I had a girlfriend named Leslie whose attitude towards life was in complete conflict with the person I wanted to become. What she wanted was a guy who a surgeon on Park Avenue with a very exclusive clientele and who belonged to all the right country clubs. The only plus about Leslie from my point of view was that she was willing to be my girl friend. But for me at that time, that was a really big plus. There hadn't been many girls in my life who were willing to be involved with me.

And we weren't even having sex. Jesus, 1974, it was the height of the Sexual Revolution, at least according to what one read in places like Newsweek, and I was twenty years old and still a fucking virgin.

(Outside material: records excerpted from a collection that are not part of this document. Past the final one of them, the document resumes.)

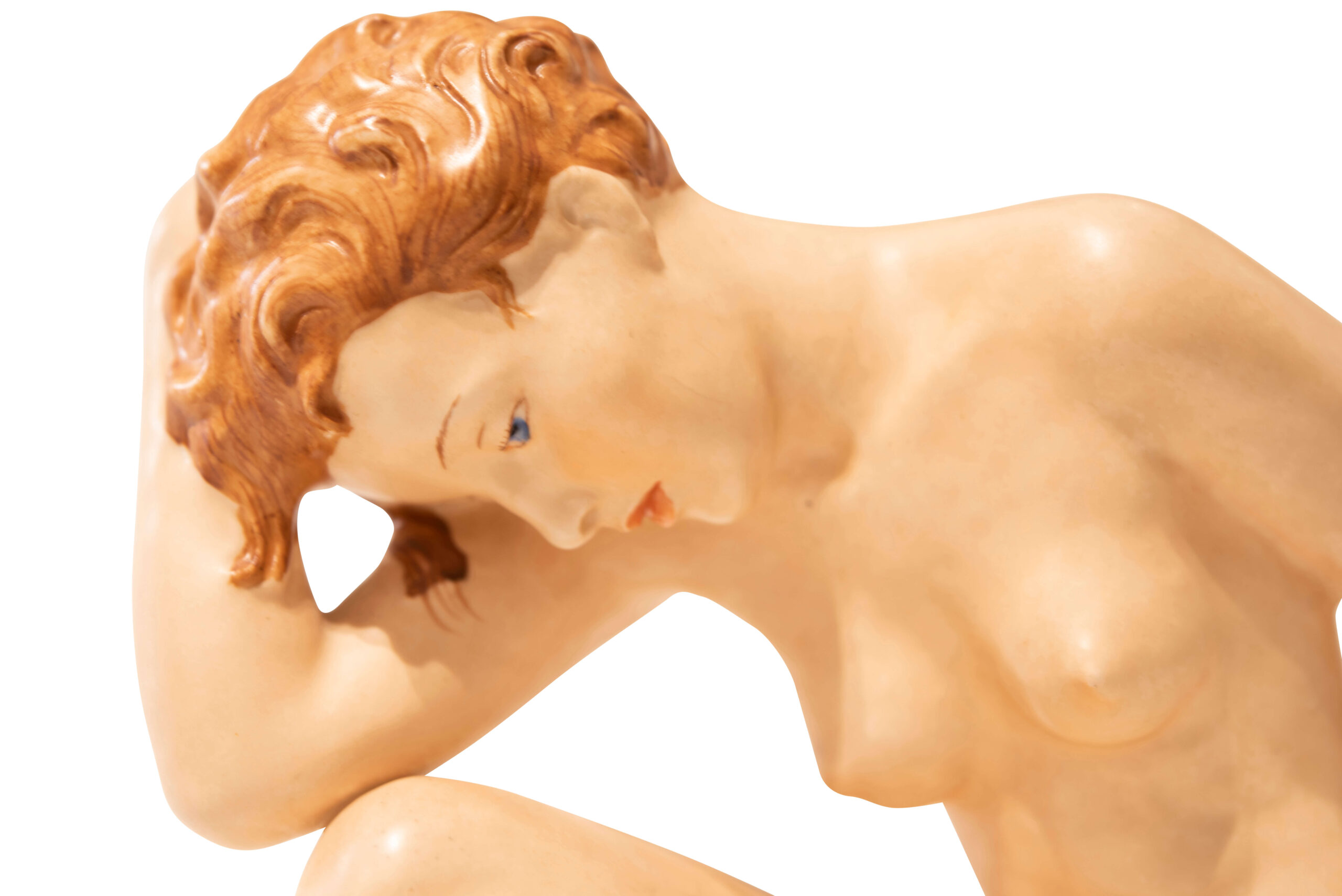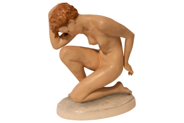 Die Porzellanfigur, aus der Royal Dax Porzellan Manufaktur, stellt ein nacktes Mädchen auf einem Sockel dar. Maße: Höhe 25 cm, Breite 12 cm, Länge 18,5 cm | The porcelain figurine, from the Royal Dax Porcelain Manufactory, depicts a naked girl on a pedestal. Dimensions: height 25 cm, width 12 cm, length 18,5 cm
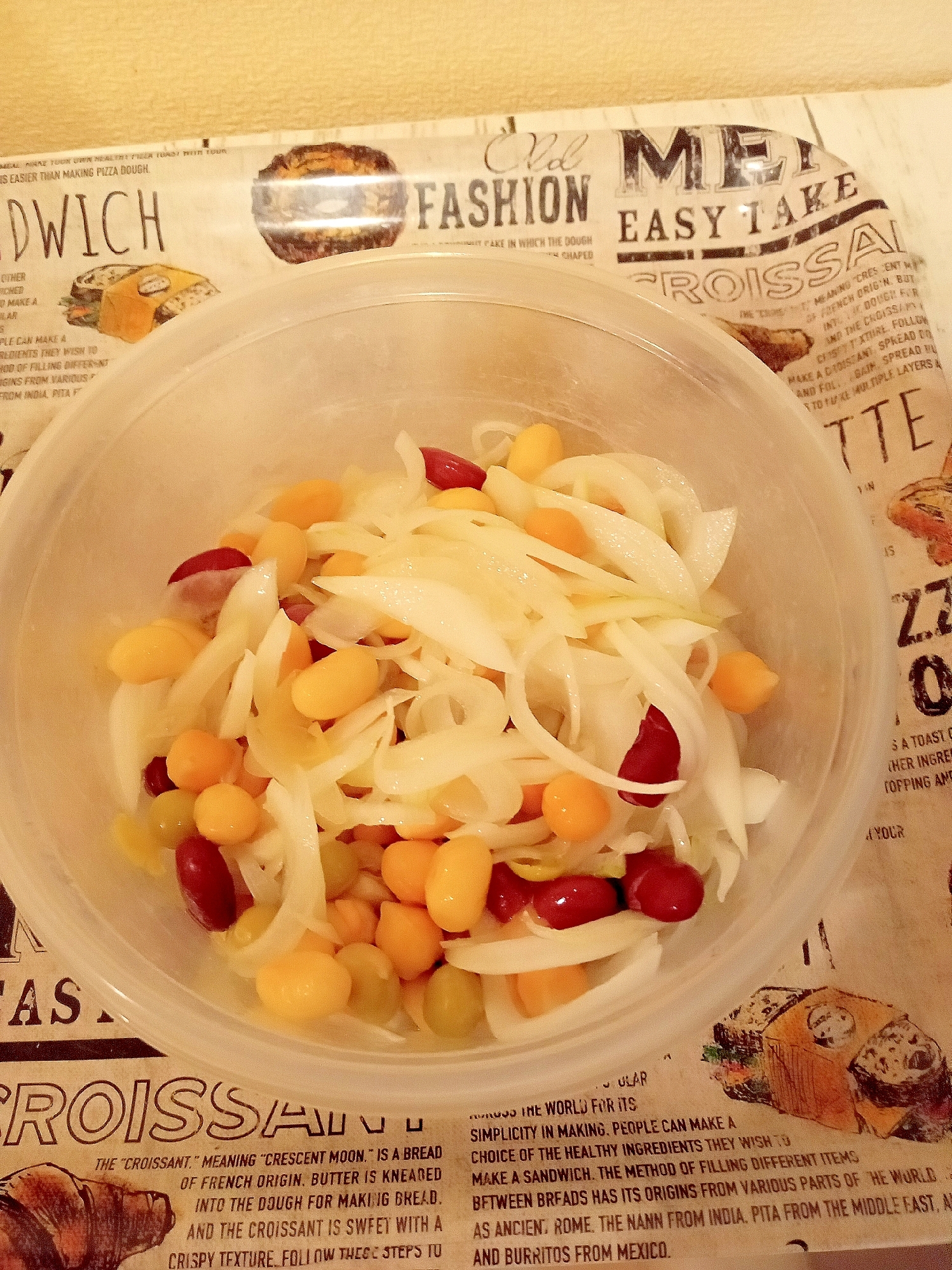 レシピタイトル:ミックスビーンズと玉ねぎのマリネ
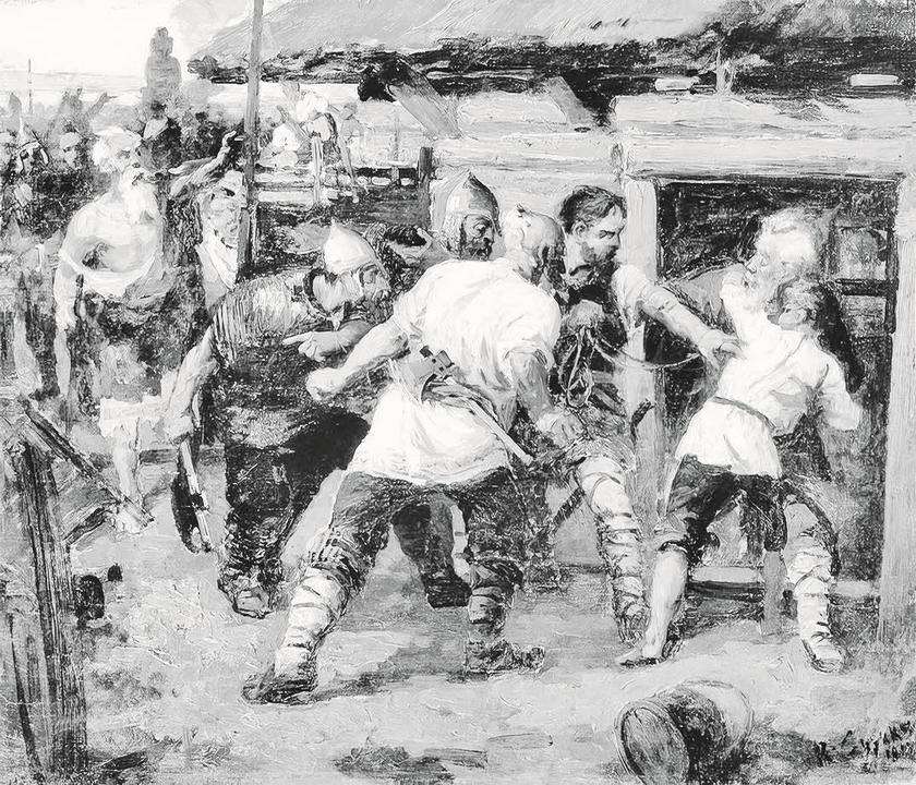 Язычники убивают варягов-христиан. Художник В. И. Суриков. 1884 г.

Okay, let's try and do this in 400 computer lines max. No, that's too short. Make it 600. Maybe even 800. Jesus, almost 10,000 words.

Now the dynamics with Leslie are different now. It's not that she wants to break up with him. She wants to force him into a mold that he'll never fit in. But she's also threatening to give up on him, because he keeps screwing up. And he's desperate to hang on to her, because she's the only girlfriend he's got or is likely to get in the near future. So he's trying to keep her, but also to keep his integrity.

So what's this date tonight? It's something that's important to her.

And he can still be trying to write a letter to her. But it's a letter trying to explain who he is, why she should stop trying to force him to be something that he's not.